Thanks to all who responded to my last blog post – both to those who added to the discussion about fit and flattery and to those who left such flattering comments on my Mabels! And guess what – in the last two days I have sewn TWO THINGS! Admittedly, both were cut out weeks months ago, and both were extremely straightforward. A dress for me, and finally a second pair of school pants for Clare. They really needed to be sewn, considering that she finishes primary school in December! In the meantime I can finally share another garment I made ages ago. Once again my photography of Stella had an ulterior motive – to get photos for the blog, not just to get photos of her having fun drawing chalk pictures with friends!
This is the Nessie Top pattern, lengthened to become a dress. I also added a yoke to the back in order to take advantage of the gorgeous Babushka fabric that Anna had given me. Despite being a knit, the skirt fabric isn’t terribly stretchy. It does however have a loop pile back, and is nice and snuggly for winter. The fabric I used for the yokes and sleeves is a cotton/lycra knit from the depths of stash. I bought a LOT of this once upon a time.
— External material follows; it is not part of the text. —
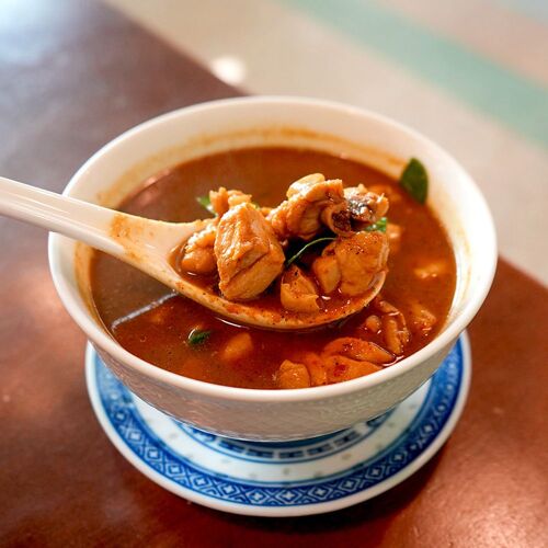 When Ruenros opened 40+ years ago, its owner came from a medical background, hence the focus on herbal and medicinal braised dishes. The 3rd generation heir now runs it and he chooses all the market fresh ingredients himself every day. Specialties include spring rolls using a family recipe, stir-fried goat with celery, fried rice with salted fish and slow-cooked soup, which is packed with flavour. For dessert, try the taro purée with sticky rice.

Now a confession – I did a terrible job of aligning the yoke seams at the sides. There is about two centimetres misalignment at the side seams. Shoddy. I remember that I was making this in a bit of a hurry and I didn’t actually draft a new back pattern divided into a yoke and lower back – I just held the front yoke pattern piece near the back piece and chopped away accordingly. Learn from my mistakes people!
I originally used the tiny remaining scraps from the skirt to bind the neckline, doing a double folded band. It looked really cute – but wouldn’t actually stretch enough to go over Stella’s head. It was rather entertaining while I tried pulling it on and it just wouldn’t budge over her ears, but clearly something else needed to be done. I chopped off the neckband and cut another from the same cotton/lycra knit that the yokes and sleeves were made from, using the 7/8 of the neck measurement rule, joined it into a circle then quarter marked the folded band and the neckline to match them up then seam them together. This worked well.
The length was determined entirely by the amount of fabric that I had available. It still has the gentle high-low hemline of the original top pattern. I think that I sewed this up in size 6, but don’t hold me to that. Construction was all on the overlocker, and hems were all twin-needled. We already had leggings in the drawer from a previous make in the same fabric. What coordination!